### DATA RECORDS

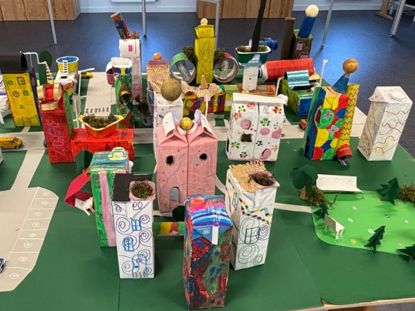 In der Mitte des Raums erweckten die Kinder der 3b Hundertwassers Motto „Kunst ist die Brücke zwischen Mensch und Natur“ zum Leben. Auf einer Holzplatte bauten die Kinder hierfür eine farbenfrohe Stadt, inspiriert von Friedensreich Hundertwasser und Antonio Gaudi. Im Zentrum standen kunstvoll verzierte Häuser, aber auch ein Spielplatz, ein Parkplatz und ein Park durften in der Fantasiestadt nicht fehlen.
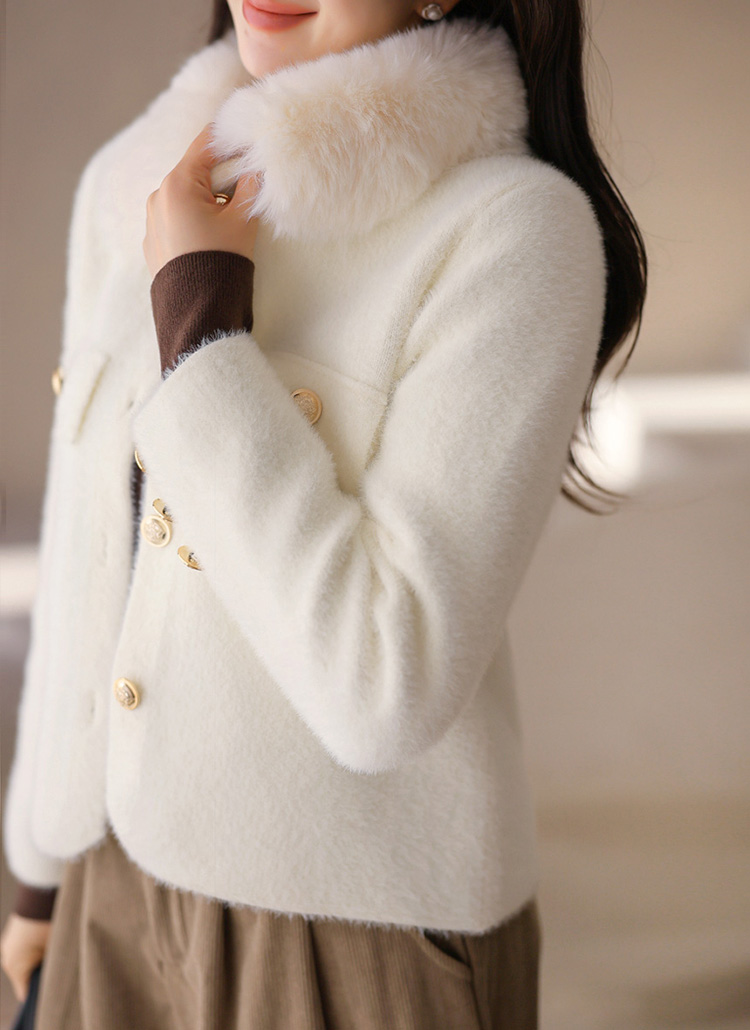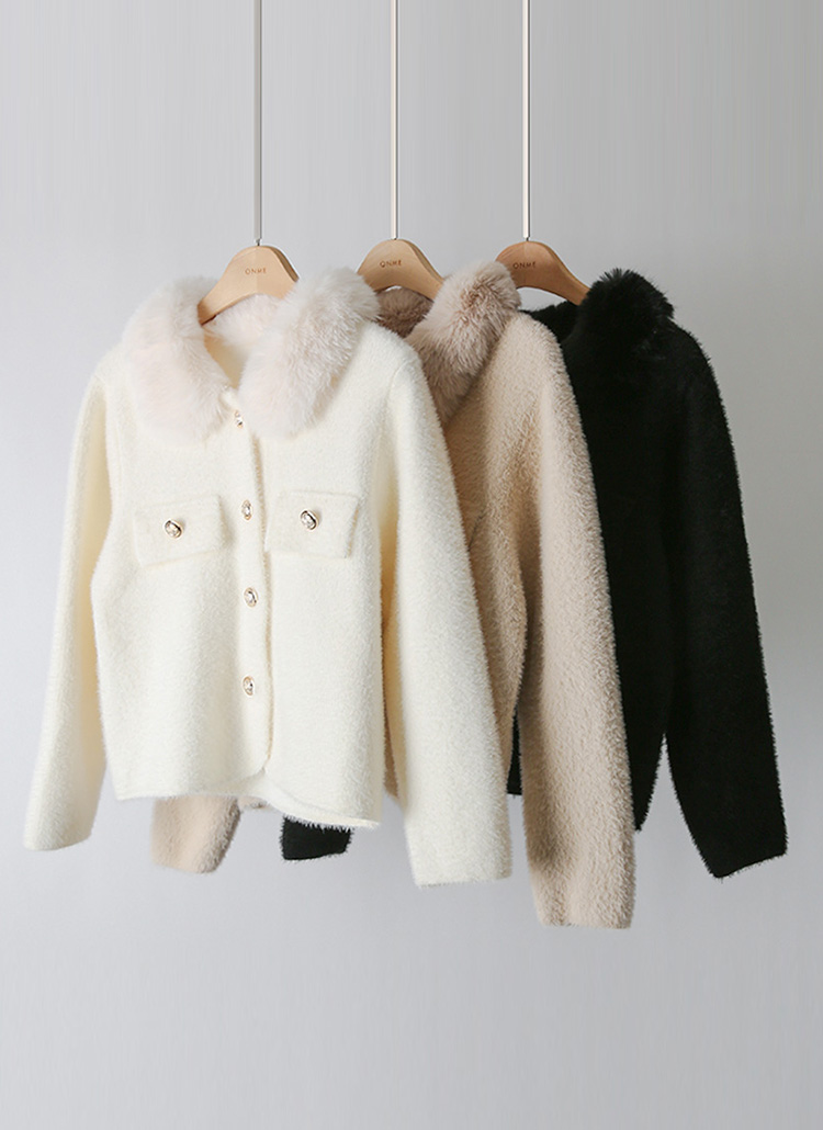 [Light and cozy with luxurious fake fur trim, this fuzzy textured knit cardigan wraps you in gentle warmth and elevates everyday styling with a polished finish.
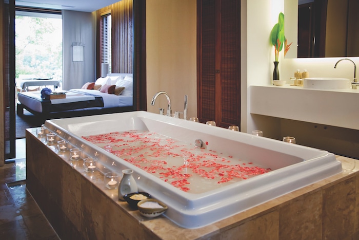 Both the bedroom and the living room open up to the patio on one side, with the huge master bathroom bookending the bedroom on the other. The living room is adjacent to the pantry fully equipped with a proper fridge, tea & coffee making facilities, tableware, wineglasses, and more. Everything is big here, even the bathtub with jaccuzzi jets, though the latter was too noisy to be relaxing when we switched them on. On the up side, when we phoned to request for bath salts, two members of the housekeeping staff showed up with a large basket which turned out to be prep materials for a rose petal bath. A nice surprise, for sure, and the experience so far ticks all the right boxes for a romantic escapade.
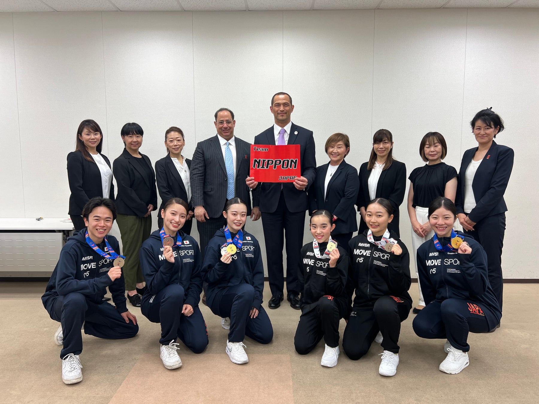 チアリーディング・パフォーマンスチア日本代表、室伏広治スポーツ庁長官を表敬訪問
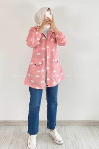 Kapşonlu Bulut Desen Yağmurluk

######

▸ TASK REQUIREMENTS:
Exactly as written above, retype the lines starting at the one holding "Both the bedroom" and ending at the one holding "チアリーディング・パフォーマンスチア日本代表、室伏広治スポーツ庁長官を表敬訪問", both included, but not the pictures.

▸ TASK OUTPUT:
 Both the bedroom and the living room open up to the patio on one side, with the huge master bathroom bookending the bedroom on the other. The living room is adjacent to the pantry fully equipped with a proper fridge, tea & coffee making facilities, tableware, wineglasses, and more. Everything is big here, even the bathtub with jaccuzzi jets, though the latter was too noisy to be relaxing when we switched them on. On the up side, when we phoned to request for bath salts, two members of the housekeeping staff showed up with a large basket which turned out to be prep materials for a rose petal bath. A nice surprise, for sure, and the experience so far ticks all the right boxes for a romantic escapade.
 チアリーディング・パフォーマンスチア日本代表、室伏広治スポーツ庁長官を表敬訪問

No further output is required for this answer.